Dr. Fernandez likes to prescribe exercises to patients with simple stiff necks and torticollis to relieve spastic muscles. He suggests the patient turn his or her head as far as possible to the nonpainful side, then place a finger on the jaw and help turn it another half-inch. Then slowly bring the chin around to the painful side. Do this about three times, each time slowly increasing the range of motion to the painful side.
“Then you let an hour go by and you do it again,” he says.
Finally, he prescribes manganese phytate to relax the tissues, Vitamin E to increase circulation and bromelain to reduce inflammation, each taken four times a day.

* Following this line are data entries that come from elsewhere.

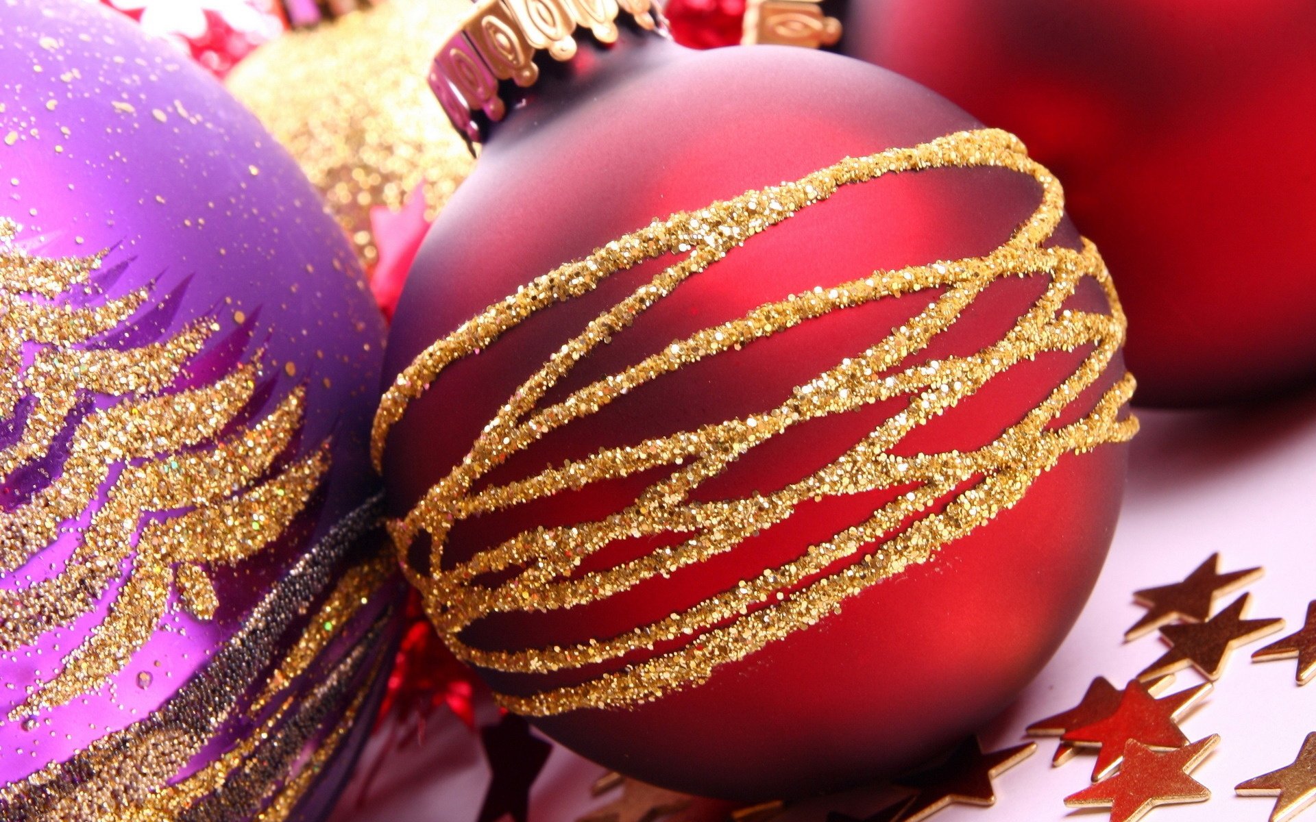 Several golden christmas balls with a twisted ribbonSeveral golden Christmas balls with a twisted ribbon
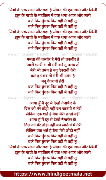 jhum ke nacho ke mahfil me ek shama aaj aur jali
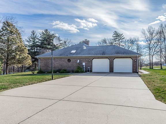 Situated on a 1.49-acre corner lot w/ shared lake! This property offers tranquil views from every room. This custom-built all brick home features a perfect layout w/ 3 beds, 2.5 baths, & split bedroom design. Amentitites include: solid wood doors, hardwood floors, , spacious covered front porch, a large deck, & a cute covered porch off the guest suite. Guest suite has its own walk-in closet. Natural light floods the home, enhanced by skylights in the breakfast nook, owner's bath, & 2nd bathroom. Entering through the front is the foyer which opens into a large great room showcasing a bay window & gas fireplace. The kitchen features an abundance of custom hickory cabinets that are in great condition w/ pull-out drawers. The breakfast bar accommodates 3 stools. All kitchen appliances are included: refrigerator, wall oven, microwave, gas stovetop, & trash compactor. The lazy susan & appliance garage provide extra storage. The breakfast nook opens to the kitchen & great room, w/ replacement french doors leading outside. The laundry room is large w/ addtional storage closet , cabinets, built-in ironing board, plus washer /dryer are included. Additional storage is available in the 24 x 23 garage, attic, & in the separate 10 x 12 storage shed. The owner's suite easily accommodates your furniture & features a full bathroom w/ stand up shower. While located in a subdivision, the home feels private & w/ added convenience of driving a golf cart around the neighborhood. This home is exceptionally well-built, featuring a high-efficiency furnace & a/c. Water heater replaced is 2007 & offers 200 AMP electric service. AT&T for internet, German township water (low water bills), & septic. Excellent utility bills @ $237 per month. Seller kindly request 48 hours response time to all offers.
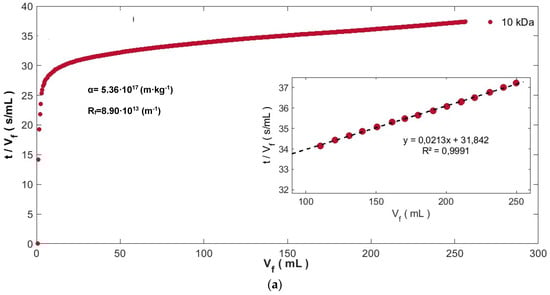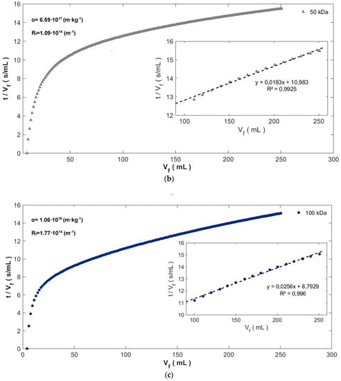 Therefore, the classic method for determining is to measure as a function of time, t, during dead-end UF at constant pressure. Specific cake resistance can be calculated from the well-known expression derived using (Equation (1) and Equation (2)) and solving the follow integration [30]:
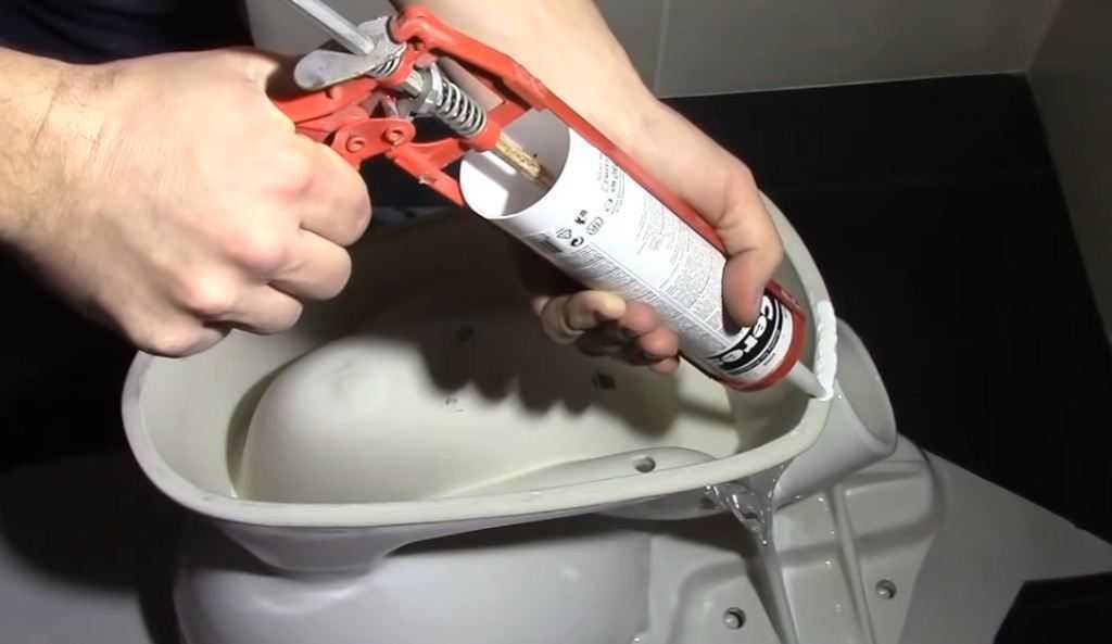 - Отсоедините прибор от канализации, переверните чашу. Нанесите клей на края подошвы.
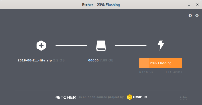 Download dan het programma balenaEtcher, start het op, selecteer het zipbestand van Raspbian Buster Lite en selecteer de schijfletter van je micro-sd-kaart. Klik op Flash! om het schrijven te beginnen. Wanneer dit voltooid is, haal je het micro-sd-kaartje uit de kaartlezer en steek je het er weer in.
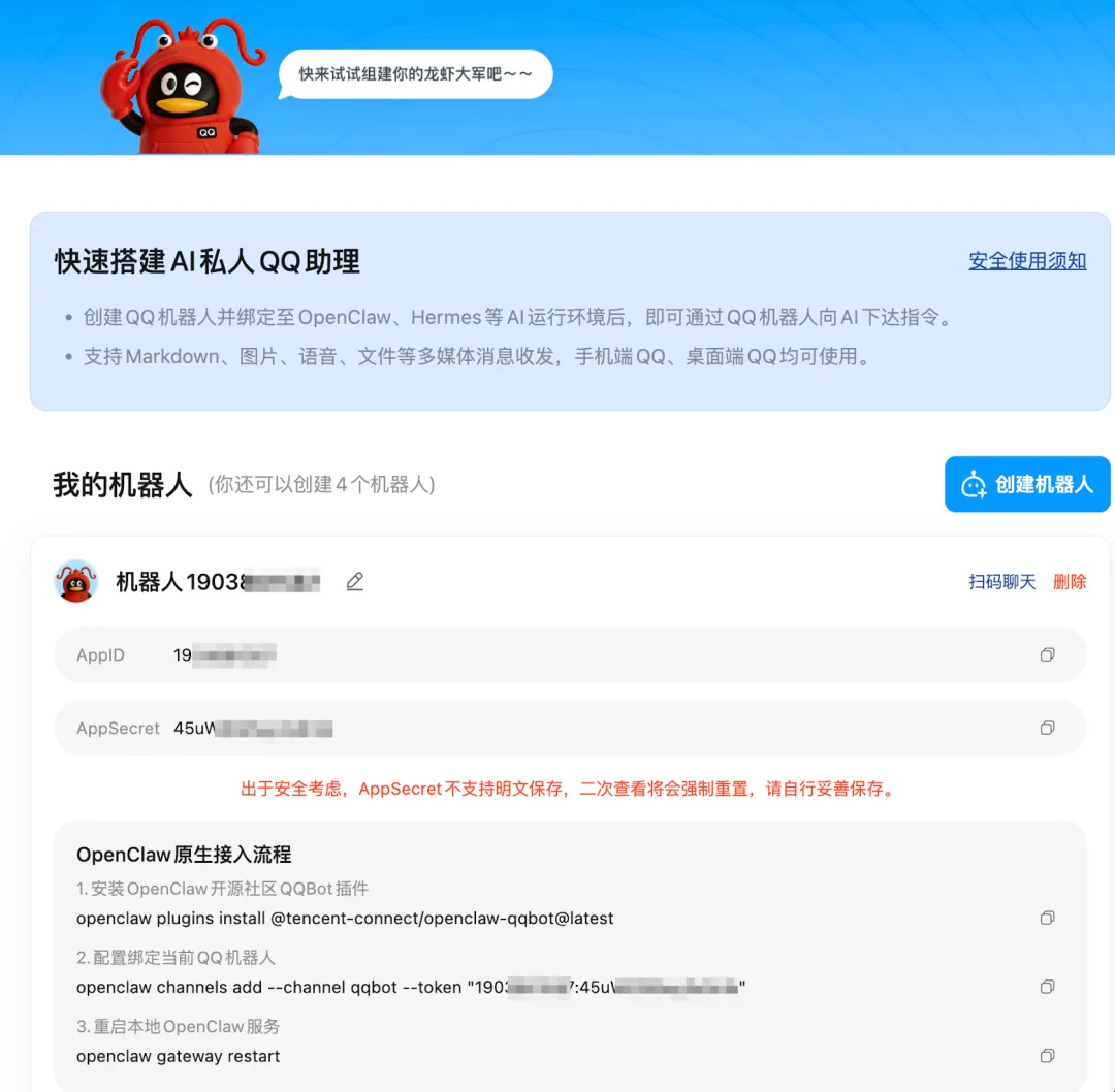 # 卸载旧插件(首次安装可跳过)openclaw plugins uninstall qqbotopenclaw plugins uninstall openclaw-qqbot# 安装最新版本openclaw plugins install @tencent-connect/openclaw-qqbot@latest# 配置通道(将 AppID 和 AppSecret 替换为你的实际值)openclaw channels add --channel qqbot --token "AppID:AppSecret"# 重启服务openclaw gateway restart
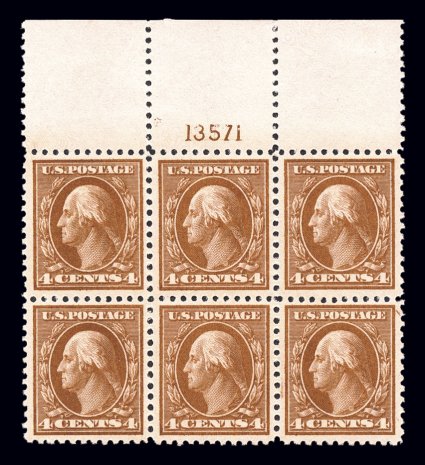 56 nhPB 503 image#503, 4c Brown, pristine full top margin plate no. 13571 block of six, sumptuously rich color and a crisp detailed impression on fresh paper, marvelously well centered, strong and intact perforations, immaculate o.g., n.h., extremely fine and quite choice. (Image) $225.00
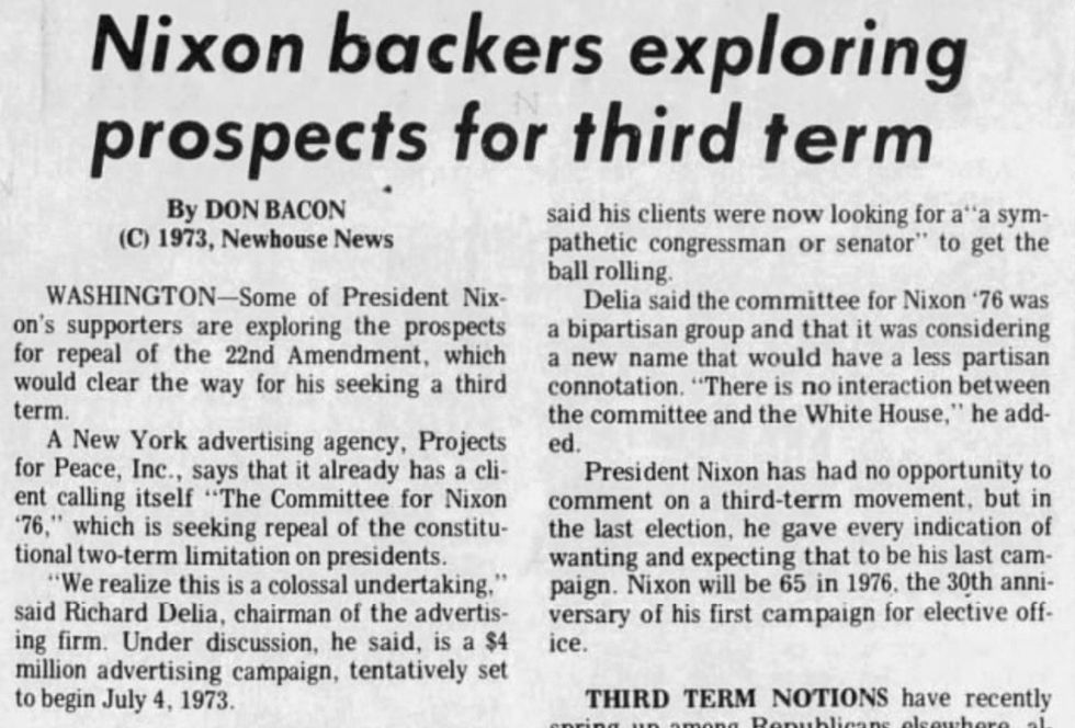 Last year, Trump also joked about doing away with term limits in a speech to Republican donors at his Mar-a-Lago estate in which he praised Chinese President Xi Jinping for doing so.
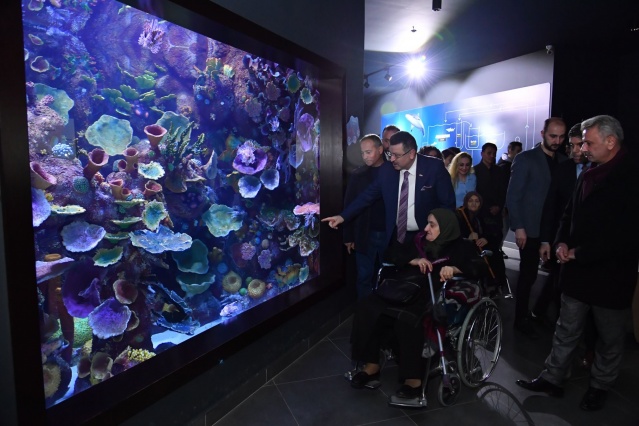 Daha önce hiç görmediği okyanus canlılarını ilk kez gördüğünü belirten Aysel Karaca, "Çok mutlu olduk, Allah razı olsun bu imkanı bize verdikleri için. Evden dışarı çıkamıyorum, rahatsızım. Daha önce hiç görmediklerimi burada gördüm, çok teşekkür ederiz" diye konuştu.
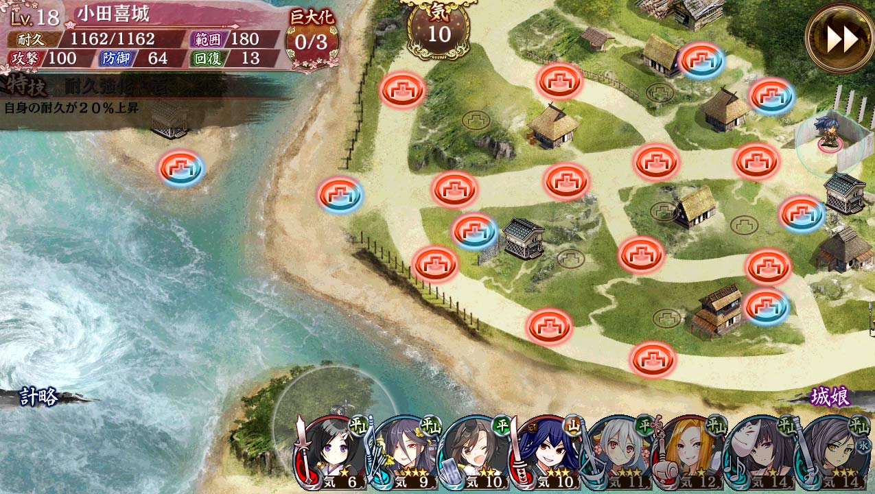 • ホンこれ。中盤に右下から上方向に来る団体に鉄砲隊がすぐやられがち… 忘れずに近接型を配置変えしないとダメだね。水合わせで入れた若松城とかが特に危ない。 -- 2017-03-12 (日) 02:55:37
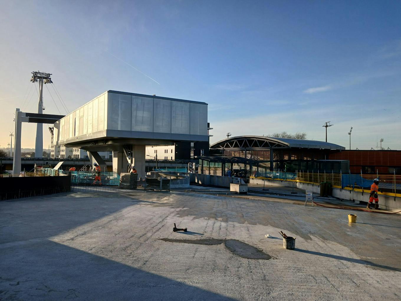 L'ouverture de la façade vitrée de la station de métro, désormais réalisée, permettra un accès direct sur la passerelle de 80 mètres de long en cours de construction. Un auvent destiné à protéger les voyageurs des intempéries est déjà en place. Le tablier de la passerelle est ferraillé et bétonné. Les travaux vont continuer jusqu'à l'été 2025 ; ils consisteront notamment à conforter les soutènements et à réaliser l'étanchéité ainsi que l'électrification.
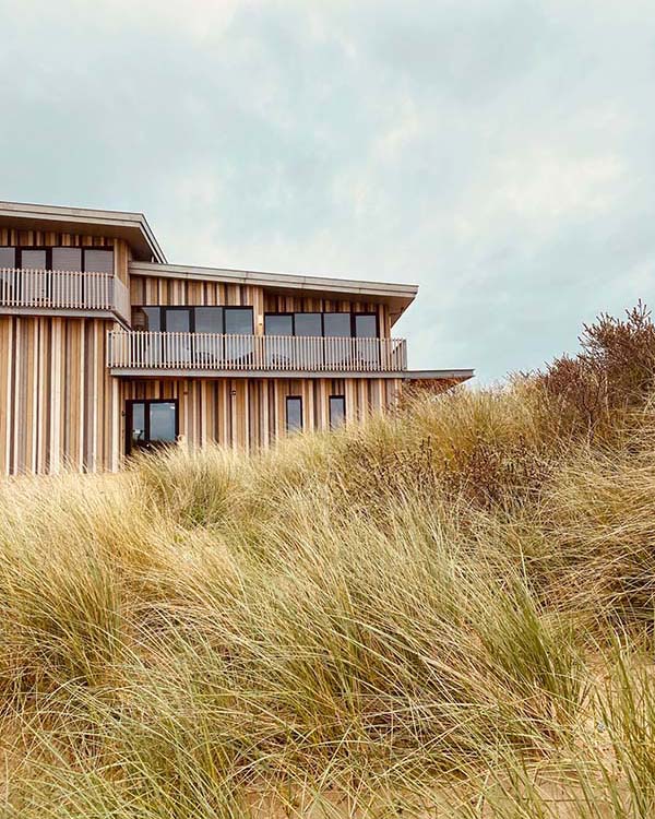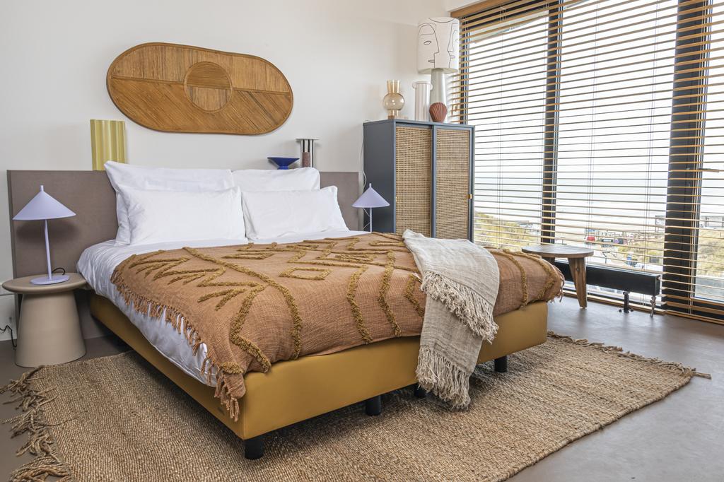 The hotel embraces soft, natural tones and raw, organic materials, echoing the coastal dunes just outside. Interiors are pared-back yet warm, with textures and colors that harmonize with the ever-changing skies and sea. The result is a serene, grounded retreat that blurs the line between indoors and out.
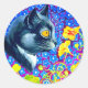 Pegatina Redonda Gato en flores
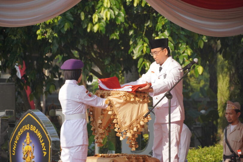 Rektor UB menyerahkan bendera Merah Putih untuk dikibarkan dalam Upacara Peringatan HUT ke-80 RI di Lapangan Rektorat UB. minggu (17/8)--prasetya.ub.ac.id
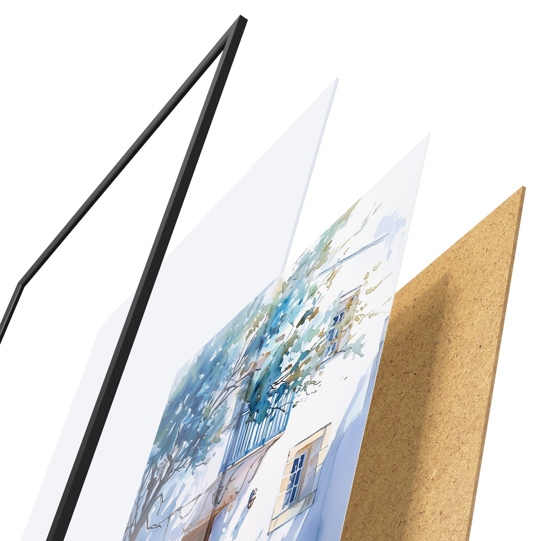 Le poster se compose d'un cadre, d'un plexiglas, d'une image imprimée et d'un support en aggloméré. Le poster peut être immédiatement accroché au mur grâce aux fixations au dos.

“Then I put them in a soft cervical collar, and the patient will sigh a large sigh of relief,” he says. “I tell them to call me in three days and tell me if they have any pain. If they do, they come back and proceed to a more extensive treatment. But 99 percent don’t need to.”
Almost as important as treating the patient’s pain is simultaneously lowering the patient’s expectations, Dr. Fernandez says. “They expect to get well immediately,” he says. “While a chiropractor is extremely well trained, the body has to have a chance to heal, and a doctor has to have a chance to correct the problem. Every now and then a doctor gets lucky and treats a patient once or twice and it’s all gone. But that’s not the norm.”
Prevention
The most efficient neck therapy is preventive, doctors say. By talking to patients about risk factors, and activities that can increase or decrease neck-pain symptoms, doctors can help many patients avoid neck problems before they ever develop.
“Most of us simply don’t spend enough time talking to patients about risk factors,” Dr. Haldeman says.
Dr. Fernandez advises offering regular neck-pain prevention and relief classes to patients. “If a patient comes in with pain, and I fix their neck, then they go home and sleep on their stomach for eight hours, they’ll wring their neck back out of place. They need to know what kind of pillow to sleep on, what kind of mattress to buy. They need to know what they should and shouldn’t do, like using rearview mirrors instead of turning their head around and looking at traffic behind them. They need to think about how they can change their activities of daily living to take better care of themselves.”